«Le Vatican compte sur les banques helvétiques amies»
A l’ère de la transparence, l’auteur d’un ouvrage sur des «affaires» du Vatican estime que les liens entre le système bancaire suisse et le petit Etat restent opaques
INTERVIEW
Avec Péché originel*, Gianluigi Nuzzi signe son quatrième livre enquête sur des scandales liés au Vatican. Le journaliste italien y fait des révélations choquantes sur les tractations secrètes entre le petit Etat et la justice italienne concernant la disparition non élucidée en 1983 de la fille d’un employé de la théocratie, les comptes courants de la banque du pape, des abus sexuels et des fêtes homosexuelles entre des membres du clergé. Le Temps a interrogé Gianluigi Nuzzi sur les liens entre l’Etat confetti et la Suisse. A l’heure de la transparence, les flux d’argent d’origine inconnue, et douteuse, transitant entre le Vatican, Lugano, Genève et Zurich sont toujours une réalité? Selon moi, oui. Je ne crois pas que les rapports entre le Vatican et le système bancaire suisse sous Benoît XVI et au début du pontificat de François aient subi des changements substantiels, malgré la bonne volonté des deux pontifes. Certes, une «révolution» en matière de transparence et des accords internationaux sont survenus ces dernières années, mais je doute que l’alliance entre le Vatican et les banques suisses ait été affectée. Celles-ci demeurent une référence importante pour le Vatican. L’Institut pour les oeuvres de religion (IOR), la banque du Vatican, n’a pas de filiale à l’étranger, elle continue à compter sur les banques helvétiques amies pour ses opérations dans d’autres pays.

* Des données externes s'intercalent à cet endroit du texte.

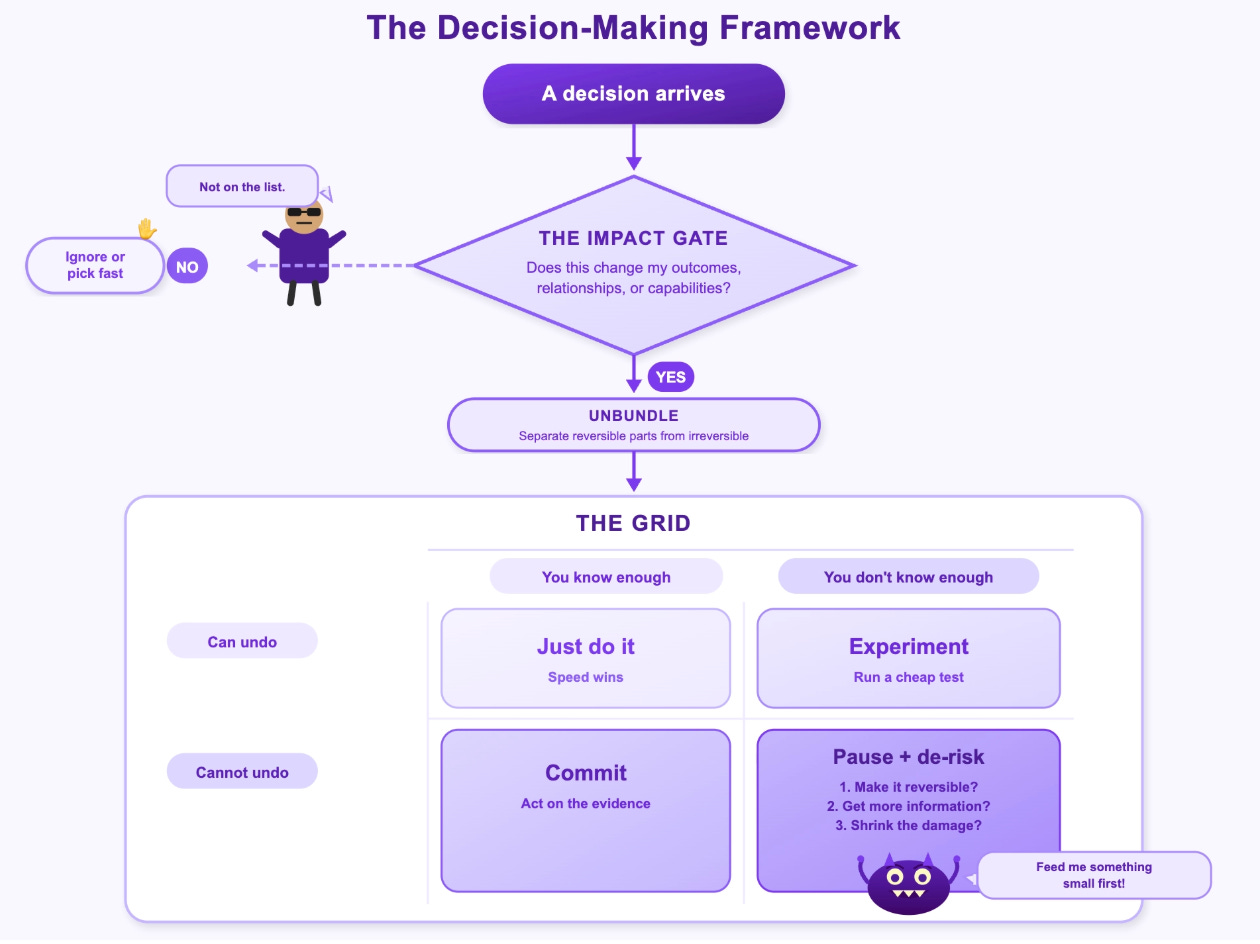 Leadership: Teach your team the four boxes. Most organisations move slowly because they treat reversible decisions as if they were irreversible. If your team needs three sign-offs to change a slide deck, you have a sorting problem. Push reversible decisions down and fast. Save the careful work for the irreversible ones. And watch for AI-generated false confidence: when someone says “I looked into this thoroughly” and means “I asked ChatGPT,” ask them: what would change your mind? If they cannot answer, they do not know enough yet.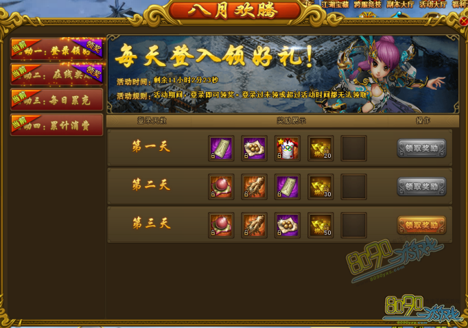 活动规则:活动期间登录即可领取相应奖励(全部绑定);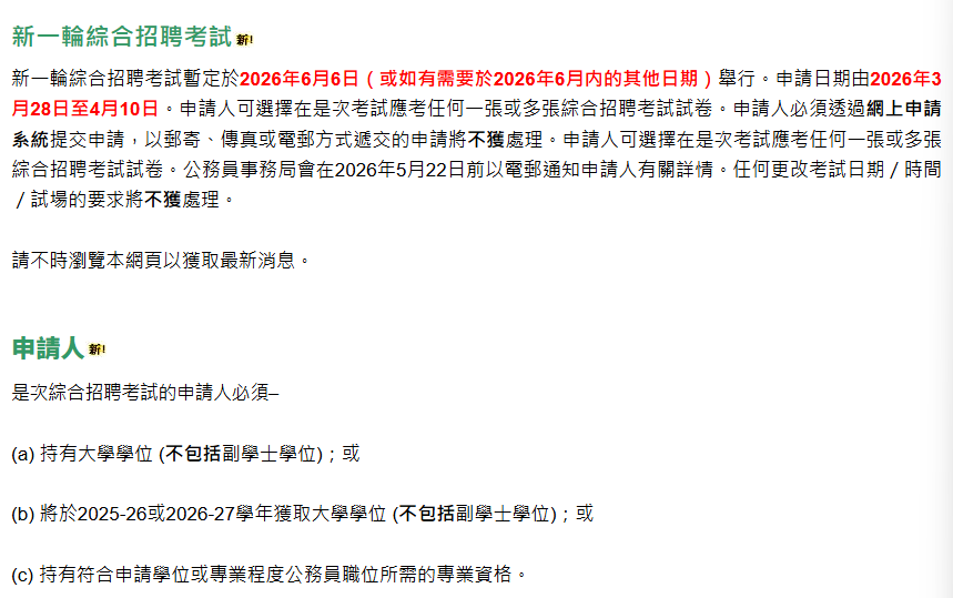 楊何蓓茵提醒有志進入政府公務員體系的考生,有意投考學位或專業程度公務員職位的人士必須具備有效的CRE成績。第二,政府已擴展投考需學士學位學歷要求公務員職位的資格至大學三年級(四年制學士學位課程)學生,換言之,2026年應屆大學畢業生、2027年大學畢業生,以及持有大學學位、符合職位所需的專業資格的人士,均可報考這輪CRE。

Vos sources vous le confirment? L’avocat italien Francesco De Pasquale, appelé à mettre en place les normes antirecyclage d’argent sale à l’IOR entre 2011 et 2014, comme directeur de l’Autorité d’information financière du Saint-Siège, puis démis comme membre du conseil directif, a soulevé dans une entrevue pour ce livre qu’aucun organisme européen ou international ne contrôle si les normes antirecyclage sont effectivement implantées à l’IOR. Quant à l’Allemand Ernst Von Freyberg, nommé président de la IOR en 2013 (jusqu’en 2014) par Benoît XVI, et qui a suivi les travaux de la commission d’enquête sur la IOR, souhaitée par le pape François, a rapporté que le recyclage est toujours d’actualité.
Dans votre livre, vous parlez d’une certaine mère Tekla qui se rendait régulièrement dans une banque de Lugano, qui est-ce? Il s’agit d’une religieuse, connue comme mère Tekla, qui depuis la congrégation des Brigittines à Lugano, visitait la banque au centre-ville avec d’énormes sacoches remplies d’argent. Mes sources, des banquiers de Lugano, l’ont reconnue sur des photos comme étant la mère Tekla Famiglietti, une religieuse très influente auprès du Vatican. Comme, en plus, Tekla est un nom plutôt rare, je pense qu’il s’agit de la même personne, sans toutefois en être sûr à 100%. Tekla Famiglietti a été à la tête de l’ordre des Brigittines entre 1977 et 2016. Elle a eu des liens avec l’élite politique italienne et les puissants du monde, comme Fidel Castro, et elle était très proche de Jean-Paul II. On m’a raconté qu’elle ne comptait jamais elle-même l’argent, laissant aux employés de la banque suisse ce travail «sale».
▅ * Péché originel: chantages, violences et mensonges, le Pape François seul contre la corruption, Gianluigi Nuzzi, Ed. Flammarion, 2017.